To save time, do the spiral cuts and skewer the potatoes up to a day ahead and refrigerate on a sheet tray covered lightly with plastic wrap. Keep oil and spice mixed separately in a small jar; brush and season just before air frying. For packed lunches, reheat in the air fryer at work if available, or pack with a small insulated dip container—crispy texture is best when reheated briefly.
These spirals are as joyful to make as they are to eat. Whether you’re hosting a casual get-together, feeding a family, or craving a crunchy snack, they bring approachable technique, minimal ingredients, and memorable results. Give them a try and make the seasonings your own—everyone will ask for the recipe.
Microwave big potatoes for 90 seconds and small ones for 60 seconds to ease spiral cutting without overcooking.
Brush oil inside the spirals as well as on the outside to ensure every edge browns evenly during air frying.
Rotate or rearrange halfway through cooking if your air fryer basket has hotspots to ensure uniform color and crisp.
Shorten skewers if they’re too long for your basket; use kitchen shears or clamp and trim the excess carefully.
This nourishing air fryer tornado potatoes recipe is sure to be a staple in your kitchen. Enjoy every moist, high protein slice — it is perfect for breakfast or as a wholesome snack any time.
Microwave only 60–90 seconds to soften the center for cutting; do not fully cook. If a potato feels too firm, add 15–20 seconds.
Cook in a single layer and avoid overcrowding. If your basket is small, cook in multiple batches for even crisping.
This Air Fryer Tornado Potatoes recipe makes perfectly juicy, tender, and flavorful steak every time! Serve with potatoes and a side salad for an unforgettable dinner in under 30 minutes.

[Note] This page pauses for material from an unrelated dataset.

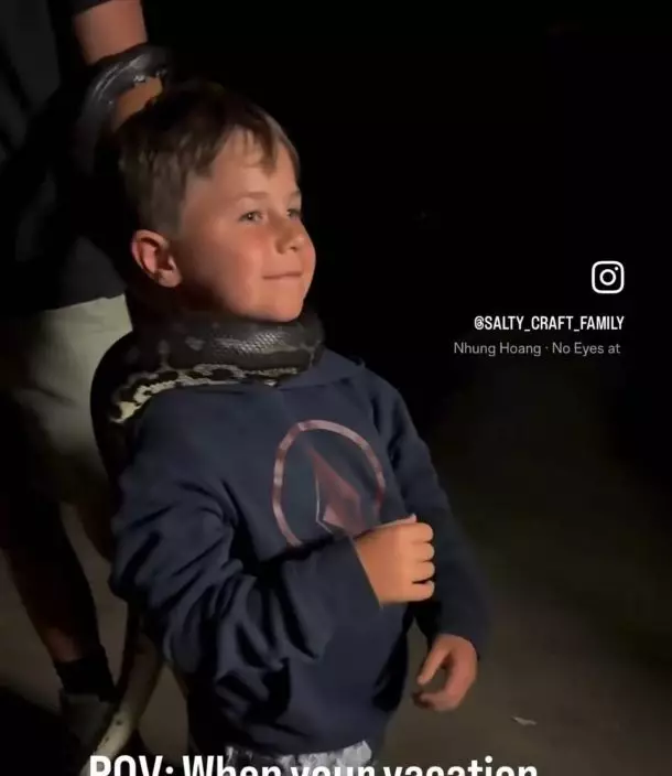 澳洲一名7歲男童夜遊動物園與蟒蛇互動慘遭咬頭滲血,母親意外拍下整個驚險過程。

Microwave whole potatoes for 60–90 seconds to slightly soften them for cutting. Do not fully cook; you want a slight give when pressed.
Insert a kabob skewer lengthwise through the center of each potato so the skewer runs from one end to the other and leaves a bit of handle on each side.
Using a sharp knife, make an angled cut at the edge and rotate the potato to continue the corkscrew cut to the skewer, creating even ringlets.
Gently separate the spiraled rings and pull outwards to create space between layers; shorten skewers if they exceed the air fryer basket size.
Brush the spiral inside and out with olive oil and sprinkle with garlic powder, salt, and pepper, ensuring seasoning reaches crevices.
Place potatoes in a single layer at 400°F and cook 15–18 minutes, checking at 12 minutes to rotate or rearrange if needed; cook in batches as necessary.
Remove using tongs, let cool 2–3 minutes, garnish with parsley if desired, and serve with dips while warm.
Last Step: Please leave a rating and comment letting us know how you liked this recipe! This helps our business to thrive and continue providing free, high-quality recipes for you.
Leave a comment & rating below or tag
@culinya on social media!


A creamy, nostalgic five-ingredient mac and cheese made with pantry staples—ready in under 30 minutes and perfect for weeknights or a simple family gathering.

Tiny, festive donut holes cooked in the air fryer and coated in cinnamon sugar, finished with melted butter and holiday sprinkles for a quick seasonal treat.

Golden, crunchy wings coated in a savory parmesan crust — all made quickly in the air fryer for a fuss-free, crowd-pleasing snack or main.

Leave a comment & rating below or tag @culinya on social media!
Enjoyed this recipe? Share it with friends and family, and don't forget to leave a review!
This recipe looks amazing! Can't wait to try it.
Comments are stored locally in your browser. Server comments are displayed alongside your local comments.

Join to receive our email series which contains a round-up of some of our quick and easy family favorite recipes.